しかしあれですね、ところどころに今読んでる翻訳ハードボイルドものの影響が見られますね。スカダー・・・お前はいい奴だよちょっと自虐気味だけど。





「一人でも大丈夫だと思ったのに」

ゆっくりと雷蔵の装束にしわを寄せる。さみしい、苦しい、さみしい。声にならない言葉だけが、口にする必要もないくだらない言葉だけが、頭の中をぐるぐると駆け巡っていた。雷蔵は赤子のようにしがみついたこちらの腕を引き離すことなんてせずに、ただ彼を真似たふわふわの髪の毛を撫でて、それから「うん」とだけ言った。

「雷蔵はずるいよ」

もうこの手を離せないじゃないか。言いがかりみたいだ。我儘だと知っている。雷蔵がそれを、怒らないで聞いてくれると知っている。雷蔵は案の定そうさせたのはお前じゃないかと笑った。そうなのは僕も一緒じゃないか。さらりと一言落とす。びっくりして雷蔵を見た。やっぱり雷蔵は笑っている。笑っている。それがとても素晴らしいことみたいに。

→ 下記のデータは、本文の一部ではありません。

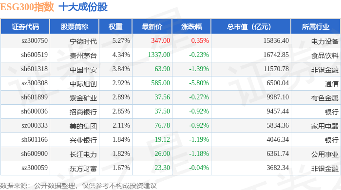 ESG300(399378)指数十大成份股详情如下:

「僕は一人で生きていけないなんて思わないけど、この手を離したいだなんて思わないよ」

ねぇ、なんでか知ってる?雷蔵の声はしんしんと心臓に降り積もる。自分はこの声がなくても生きていけるだなんて思えなかった。けど蓋をすることはできると思った。蓋をするつもりだった。雷蔵はいとも簡単にその蓋を開けて、中身を受け止めてしまうのだ。どんなに醜くても、どんなに汚くても。雷蔵が笑えばそれがすこしだけ許されるもののような気になる。たぶん、許されている。

「だから一緒に行こう、三郎」

優しい右手がそっと頬に触れている。視線がふわり、絡まった。雷蔵はどうして自分が一度諦めた未来まで拾って手をつないでくれるのだろう。わからない。わからないけれど、自分がこの手を離したくないと思っていることくらい、きっとわかっている。